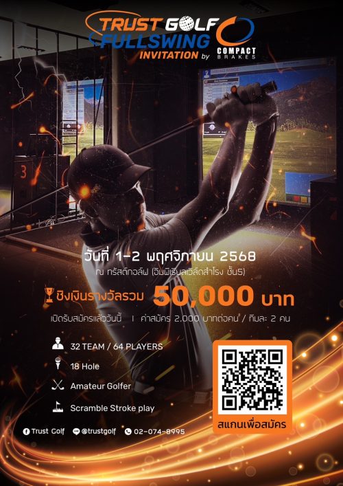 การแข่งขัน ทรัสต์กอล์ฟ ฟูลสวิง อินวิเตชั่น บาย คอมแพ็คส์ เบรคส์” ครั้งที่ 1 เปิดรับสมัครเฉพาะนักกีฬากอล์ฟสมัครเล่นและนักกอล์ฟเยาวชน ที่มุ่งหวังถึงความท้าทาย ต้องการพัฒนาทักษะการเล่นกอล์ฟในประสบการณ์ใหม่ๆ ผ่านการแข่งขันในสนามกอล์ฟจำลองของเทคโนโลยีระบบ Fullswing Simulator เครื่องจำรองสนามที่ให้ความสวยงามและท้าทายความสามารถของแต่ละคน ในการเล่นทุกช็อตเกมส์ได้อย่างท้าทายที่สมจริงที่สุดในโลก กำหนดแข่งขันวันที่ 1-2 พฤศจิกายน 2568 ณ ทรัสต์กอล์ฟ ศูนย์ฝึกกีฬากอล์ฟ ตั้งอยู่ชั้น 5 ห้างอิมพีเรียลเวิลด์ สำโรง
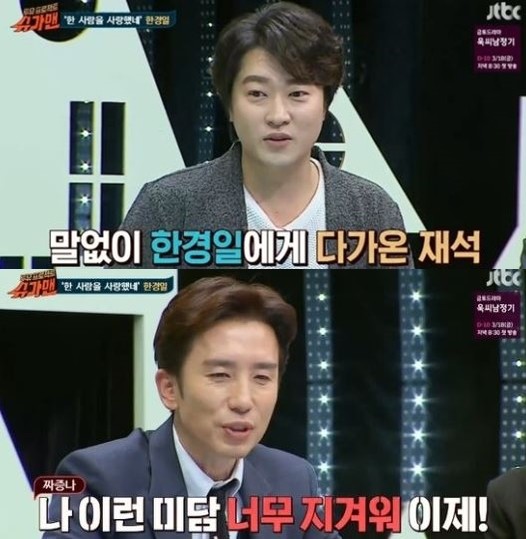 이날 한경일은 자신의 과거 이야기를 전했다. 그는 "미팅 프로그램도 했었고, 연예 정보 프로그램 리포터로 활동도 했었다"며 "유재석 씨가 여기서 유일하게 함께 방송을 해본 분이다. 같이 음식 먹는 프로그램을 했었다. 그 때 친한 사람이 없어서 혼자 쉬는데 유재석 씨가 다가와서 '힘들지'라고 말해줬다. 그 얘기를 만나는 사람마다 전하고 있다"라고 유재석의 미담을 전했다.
--
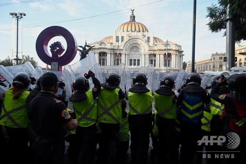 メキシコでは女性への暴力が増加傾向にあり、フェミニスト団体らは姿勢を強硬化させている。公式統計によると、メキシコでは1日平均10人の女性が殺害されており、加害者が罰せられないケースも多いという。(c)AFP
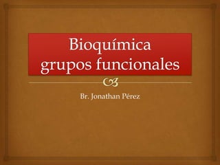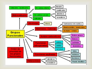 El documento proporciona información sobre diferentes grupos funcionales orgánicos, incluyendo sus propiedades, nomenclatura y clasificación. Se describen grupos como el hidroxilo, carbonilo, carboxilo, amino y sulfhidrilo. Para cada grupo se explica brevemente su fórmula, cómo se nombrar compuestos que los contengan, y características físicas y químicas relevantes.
* * *
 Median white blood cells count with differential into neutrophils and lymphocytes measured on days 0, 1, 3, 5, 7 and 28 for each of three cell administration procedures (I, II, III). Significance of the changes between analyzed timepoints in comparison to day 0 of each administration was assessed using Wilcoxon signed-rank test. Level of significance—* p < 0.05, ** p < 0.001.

EXERCISE PROMPT: Within the listing above, copy exactly the lines that start at the one with "การแข่งขัน ทรัสต์กอล์ฟ ฟูลสวิง" and continue through the one with "이날 한경일은 자신의". Omit pictures.

SOLUTION TO THIS TASK:
 การแข่งขัน ทรัสต์กอล์ฟ ฟูลสวิง อินวิเตชั่น บาย คอมแพ็คส์ เบรคส์” ครั้งที่ 1 เปิดรับสมัครเฉพาะนักกีฬากอล์ฟสมัครเล่นและนักกอล์ฟเยาวชน ที่มุ่งหวังถึงความท้าทาย ต้องการพัฒนาทักษะการเล่นกอล์ฟในประสบการณ์ใหม่ๆ ผ่านการแข่งขันในสนามกอล์ฟจำลองของเทคโนโลยีระบบ Fullswing Simulator เครื่องจำรองสนามที่ให้ความสวยงามและท้าทายความสามารถของแต่ละคน ในการเล่นทุกช็อตเกมส์ได้อย่างท้าทายที่สมจริงที่สุดในโลก กำหนดแข่งขันวันที่ 1-2 พฤศจิกายน 2568 ณ ทรัสต์กอล์ฟ ศูนย์ฝึกกีฬากอล์ฟ ตั้งอยู่ชั้น 5 ห้างอิมพีเรียลเวิลด์ สำโรง
 이날 한경일은 자신의 과거 이야기를 전했다. 그는 "미팅 프로그램도 했었고, 연예 정보 프로그램 리포터로 활동도 했었다"며 "유재석 씨가 여기서 유일하게 함께 방송을 해본 분이다. 같이 음식 먹는 프로그램을 했었다. 그 때 친한 사람이 없어서 혼자 쉬는데 유재석 씨가 다가와서 '힘들지'라고 말해줬다. 그 얘기를 만나는 사람마다 전하고 있다"라고 유재석의 미담을 전했다.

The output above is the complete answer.